Arrillaga-Andreessen received an MBA in 1997 from Stanford Graduate School of Business, where she created and has taught a course on strategic philanthropy since 2000. She is also the author of the 2011 New York Times bestselling book Giving 2.0: Transform Your Giving and Our World.

She recently shared her philanthropic advice in a conversation with Insights by Stanford Business.

Let’s imagine that I’ve just come into a large sum of money and want to give some of it away — say, $10,000. It’s December 15, and I need to write some checks before the year ends. I come to you and say, “Laura, what should I do?”
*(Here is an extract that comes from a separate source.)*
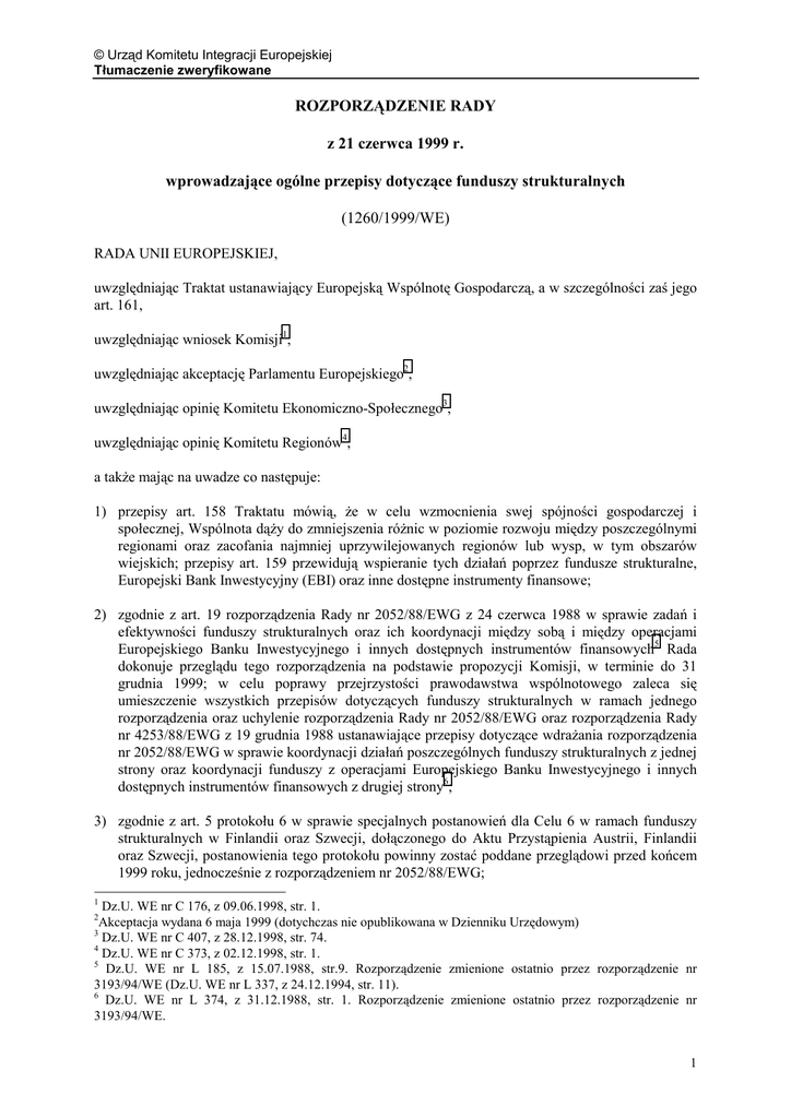 © Urząd Komitetu Integracji Europejskiej Tłumaczenie zweryfikowane ROZPORZĄDZENIE RADY z 21 czerwca 1999 r. wprowadzające ogólne przepisy dotyczące funduszy strukturalnych (1260/1999/WE) RADA UNII EUROPEJSKIEJ, uwzględniając Traktat ustanawiający Europejską Wspólnotę Gospodarczą, a w szczególności zaś jego art. 161, uwzględniając wniosek Komisji1, uwzględniając akceptację Parlamentu Europejskiego2, uwzględniając opinię Komitetu Ekonomiczno-Społecznego3, uwzględniając opinię Komitetu Regionów4, a także mając na uwadze co następuje: 1) przepisy art. 158 Traktatu mówią, że w celu wzmocnienia swej spójności gospodarczej i społecznej, Wspólnota dąży do zmniejszenia różnic w poziomie rozwoju między poszczególnymi regionami oraz zacofania najmniej uprzywilejowanych regionów lub wysp, w tym obszarów wiejskich; przepisy art. 159 przewidują wspieranie tych działań poprzez fundusze strukturalne, Europejski Bank Inwestycyjny (EBI) oraz inne dostępne instrumenty finansowe; 2) zgodnie z art. 19 rozporządzenia Rady nr 2052/88/EWG z 24 czerwca 1988 w sprawie zadań i efektywności funduszy strukturalnych oraz ich koordynacji między sobą i między operacjami Europejskiego Banku Inwestycyjnego i innych dostępnych instrumentów finansowych5 Rada dokonuje przeglądu tego rozporządzenia na podstawie propozycji Komisji, w terminie do 31 grudnia 1999; w celu poprawy przejrzystości prawodawstwa wspólnotowego zaleca się umieszczenie wszystkich przepisów dotyczących funduszy strukturalnych w ramach jednego rozporządzenia oraz uchylenie rozporządzenia Rady nr 2052/88/EWG oraz rozporządzenia Rady nr 4253/88/EWG z 19 grudnia 1988 ustanawiające przepisy dotyczące wdrażania rozporządzenia nr 2052/88/EWG w sprawie koordynacji działań poszczególnych funduszy strukturalnych z jednej strony oraz koordynacji funduszy z operacjami Europejskiego Banku Inwestycyjnego i innych dostępnych instrumentów finansowych z drugiej strony6; 3) zgodnie z art. 5 protokołu 6 w sprawie specjalnych postanowień dla Celu 6 w ramach funduszy strukturalnych w Finlandii oraz Szwecji, dołączonego do Aktu Przystąpienia Austrii, Finlandii oraz Szwecji, postanowienia tego protokołu powinny zostać poddane przeglądowi przed końcem 1999 roku, jednocześnie z rozporządzeniem nr 2052/88/EWG; 1 Dz.U. WE nr C 176, z 09.06.1998, str. 1. Akceptacja wydana 6 maja 1999 (dotychczas nie opublikowana w Dzienniku Urzędowym) 3 Dz.U. WE nr C 407, z 28.12.1998, str. 74. 4 Dz.U. WE nr C 373, z 02.12.1998, str. 1. 5 Dz.U. WE nr L 185, z 15.07.1988, str.9. Rozporządzenie zmienione ostatnio przez rozporządzenie nr 3193/94/WE (Dz.U. WE nr L 337, z 24.12.1994, str. 11). 6 Dz.U. WE nr L 374, z 31.12.1988, str. 1. Rozporządzenie zmienione ostatnio przez rozporządzenie nr 3193/94/WE. 2 1 © Urząd Komitetu Integracji Europejskiej Tłumaczenie zweryfikowane 4) w celu zwiększenia koncentracji i uproszczenia operacji funduszy strukturalnych liczba celów priorytetowych powinna zostać zmniejszona w porównaniu z rozporządzeniem nr 2052/88/EWG; cele te powinny zostać ponownie zdefiniowane jako promowanie rozwoju i strukturalnego dostosowania regionów opóźnionych w rozwoju, przekształcenia ekonomiczne i społeczne oraz zmiana profilu polityki społecznej na obszarach z trudnościami strukturalnymi oraz dostosowanie i modernizacja polityk i systemów edukacyjnych, szkoleniowych oraz w zakresie zatrudnienia; 5) w swoich działaniach zmierzających do wzmocnienia spójności ekonomicznej i społecznej Wspólnota stara się promować harmonijny i zrównoważony rozwój działalności gospodarczej, wysoki poziom zatrudnienia, równe traktowanie kobiet i mężczyzn oraz wysoki poziom ochrony i poprawy stanu środowiska; wysiłki te powinny w szczególności włączać w proces przygotowywania i wdrażania operacji funduszy strukturalnych wymogi ochrony środowiska, a także służyć eliminowaniu nierówności i promowaniu równego traktowania kobiet i mężczyzn; operacje funduszy mogą także przyczyniać się do zwalczania wszelkich form dyskryminacji na gruncie rasy, pochodzenia etnicznego, niepełnosprawności lub wieku, w szczególności za pomocą oceny potrzeb, zachęt finansowych oraz poszerzonego partnerstwa; 6) rozwój kulturalny, jakość środowiska naturalnego i antropogenicznego, jakościowy i kulturowy wymiar życia, a także rozwój turystyki przyczyniają się do gospodarczego i społecznego wzrostu atrakcyjności regionów, o tyle o ile zachęcają one do tworzenia zrównoważonego zatrudnienia; 7) Europejski Fundusz Rozwoju Regionalnego (ERDF) przyczynia się przede wszystkim do osiągnięcia celu polegającego na promowaniu rozwoju i przekształcenia strukturalnego regionów opóźnionych w rozwoju oraz gospodarczego i społecznego przekształcenia obszarów z trudnościami strukturalnymi; 8) zadania Europejskiego Funduszu Społecznego (ESF) powinny być dostosowane w celu uwzględnienia i wdrażania europejskiej strategii zatrudnienia; 9) strukturalne aspekty wspólnej polityki rybołówstwa zostały włączone jako pełnoprawna polityka strukturalna do zasad rządzących funduszami strukturalnymi od roku 1993; wdrażanie poprzez Finansowy Instrument Wspierania Rybołówstwa (FIFG) w ramach Funduszy Strukturalnych powinno być kontynuowane; zważywszy że pomoc z FIFG w ramach Celu 1 powinna tworzyć część programowania tego Celu, natomiast pomoc poza Celem 1 powinna być przedmiotem jednolitego programu w każdym państwie członkowskim; 10) Wspólnota podjęła reformę wspólnej polityki rolnej, która zawiera działania strukturalne i towarzyszące, służące rozwojowi obszarów wiejskich; w tym kontekście sekcja „Orientacja” Europejskiego Funduszu Orientacji i Gwarancji Rolnej (EAGGF) powinna w dalszym ciągu przyczyniać się do osiągania celu priorytetowego polegającego na rozwoju i strukturalnym dopasowaniu regionów opóźnionych w rozwoju poprzez popr

First, let me say that you don’t need to have a particular amount of money to be a serious philanthropist. A philanthropist is anyone who gives anything from their portfolio of resources, be it financial capital, intellectual capital, network capital — whatever form those resources take. The best philanthropy happens when your individual beliefs, values, and passions are married to core public needs. It’s not about what you give; it’s about how you give.

Yet most of the people I know end up writing checks to the same organizations that they’ve always written checks to. Maybe it’s Habitat for Humanity or maybe it’s their local public radio station. Is that a mistake?
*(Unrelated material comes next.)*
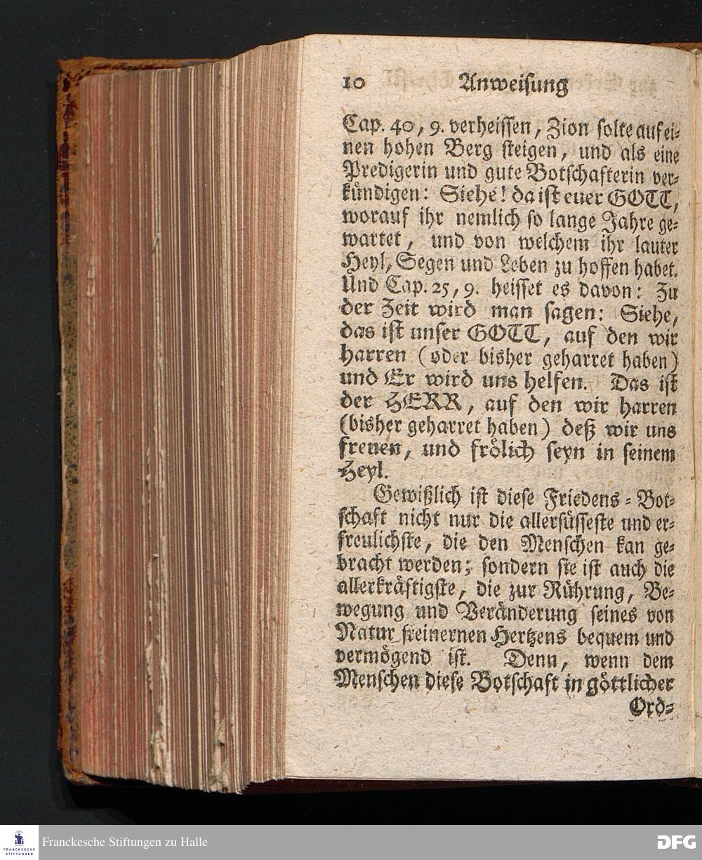 Kurtze Anweisung zur wahren, lauteren und Apostolischen Erkentniß JEsu Christi; Da In zehen Puncten, wie dieselbe nach dem Sinn und der Lehr=Art der Apostel richtig und nachdrücklich zum wahren Heyl der Seelen zu fassen sey, gezeiget wird Von August Hermann Francken, S.Theol.Prof.Ord.& Past.Ulr. Sechste Auflage. HALLE, In Verlegung des Wäysenhauses, 1742.

It’s every philanthropist’s responsibility to make sure that the investment they make to an organization, whatever form that takes, is actually creating measurable impact. Think of it as moving from transactional to transformational. Or, as I like to call it in my book, moving from Giving 1.0 to Giving 2.0. It’s about evolving your giving from being reactive to proactive, sympathetic to strategic, and isolated to collaborative.

Going back to my example, would you say that’s lazy?

It is not strategic nor is it likely designed for the highest possible impact. You should ask yourself instead, “What is the change I want to create with my gift, and how will I know that that change has been created?” Every decision that we make to invest in one nonprofit is a decision not to invest in countless others, and in philanthropy, accountability is self-imposed.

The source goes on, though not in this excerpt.